12. Return of the Red Bull. By now, most fans are probably aware that Fergie is bringing The Last Unicorn to Broadway. For years, adult women have been teased with promises of a return, re-release, reimagining, RE-just-give-us-something-anything, of the beloved 80’s cult-classic film. Based on the book by Peter S. Beagle who also wrote the screenplay, the story is steeped in illusion yet rendered simple and elegant by its early anime design. A panel on Saturday with the writer and an exclusive on Sunday featuring none other than Transformers star, Josh Duhamel, officially confirmed that an immersive musical performance of The Last Unicorn would soon begin production. What many fans might not know is that the film rights for a live-action adaptation will be up for grabs in early 2015, and that several major studios are sniffing around. The Saturday panel dropped this tidbit along with plenty of nostalgia, much of it bittersweet, regarding the writing and making of The Last Unicorn courtesy of Mr. Beagle whose artful anecdotes and bygone talent for storytelling made the allure of the film that much more by getting to know its creator.
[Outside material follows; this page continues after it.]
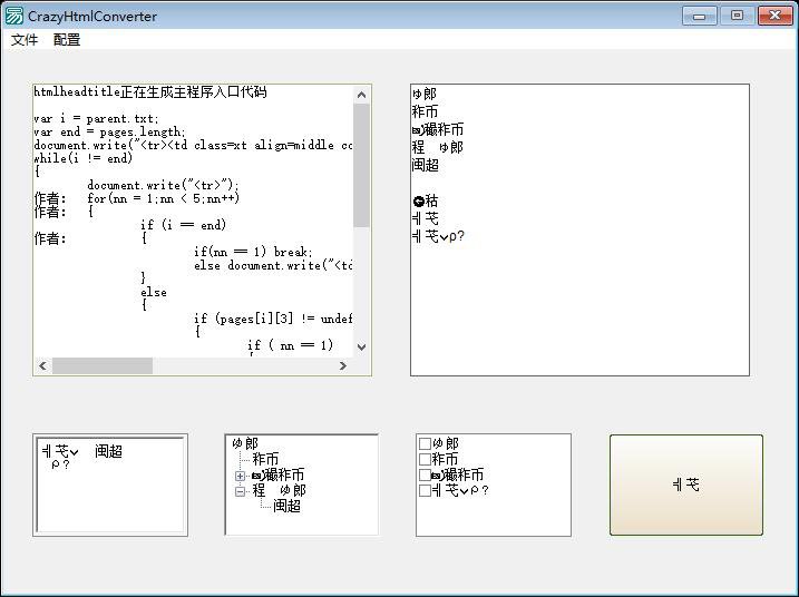 功能说明:该程序是一个用于将GBK编码的文本转换为BIG5编码的工具。程序的核心功能是通过内码转换函数实现字符编码之间的转换,主要操作对象是字符串“狂鷹”,并使用了XP风格的界面设计。程序的主要子程序为“__启动窗口_创建完毕按钮1”,表明其在窗口创建完成后执行相关操作,核心功能围绕编码转换展开,因此可以总结为一个GBK到BIG5编码转换工具。程序结构简洁,主要功能明确,适用于需要处理中文字符编码转换的场景。
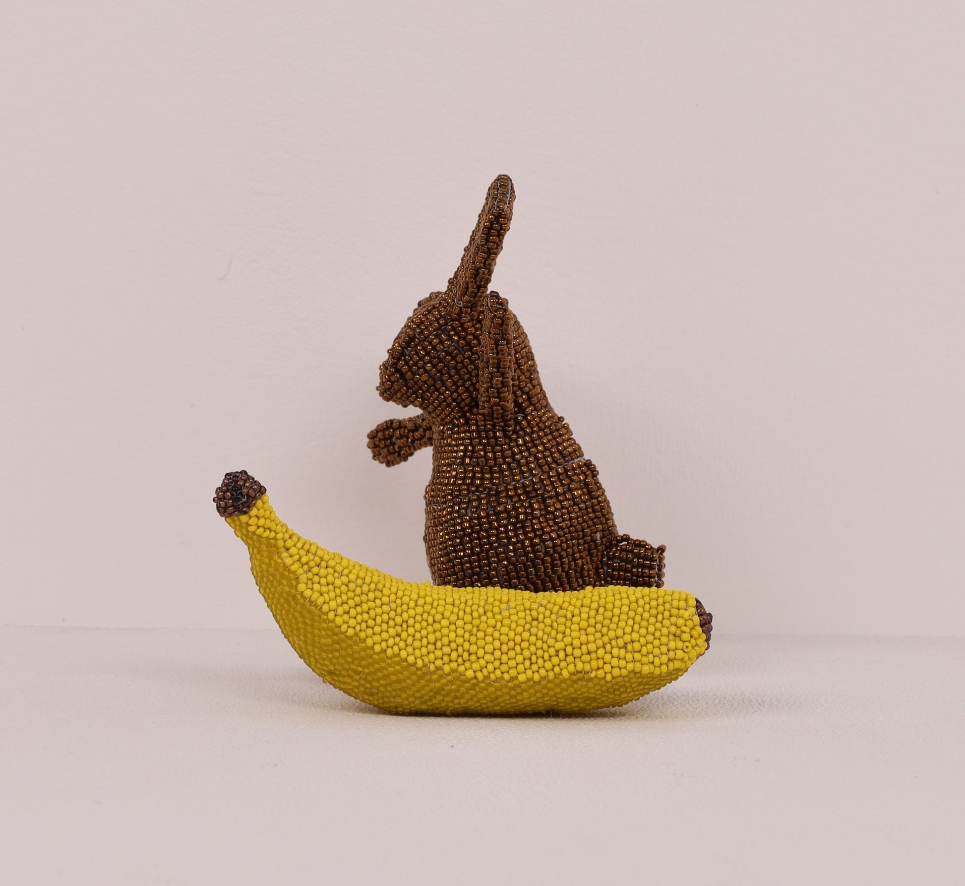 Madinese Lenata's timid beaded bunny art is offered in a solid mono-tone.

13. Brian K. Vaughan is The Man (and the woman working the Image counter on Thursday is The Woman) — A G.D.-only Tangent:  As a big fan of Mr. Vaughan’s work, I  looked forward to what would be Vaughan’s (strictly ticketed) signings throughout the weekend.  But when I arrived at Image’s booth on Thursday, just a few minutes after opening, every ticket was gone.  But lo, a miracle occurred—maybe it was my (presumably pathetic) look of heartbreak, but suddenly the woman behind the counter reached into her pocket saying, “Brian gave me an extra ticket today and told me to do something nice for someone, so here you go,” and handed me the last ticket for the signing.  So thank you Brian, and thank you awesome Image employee.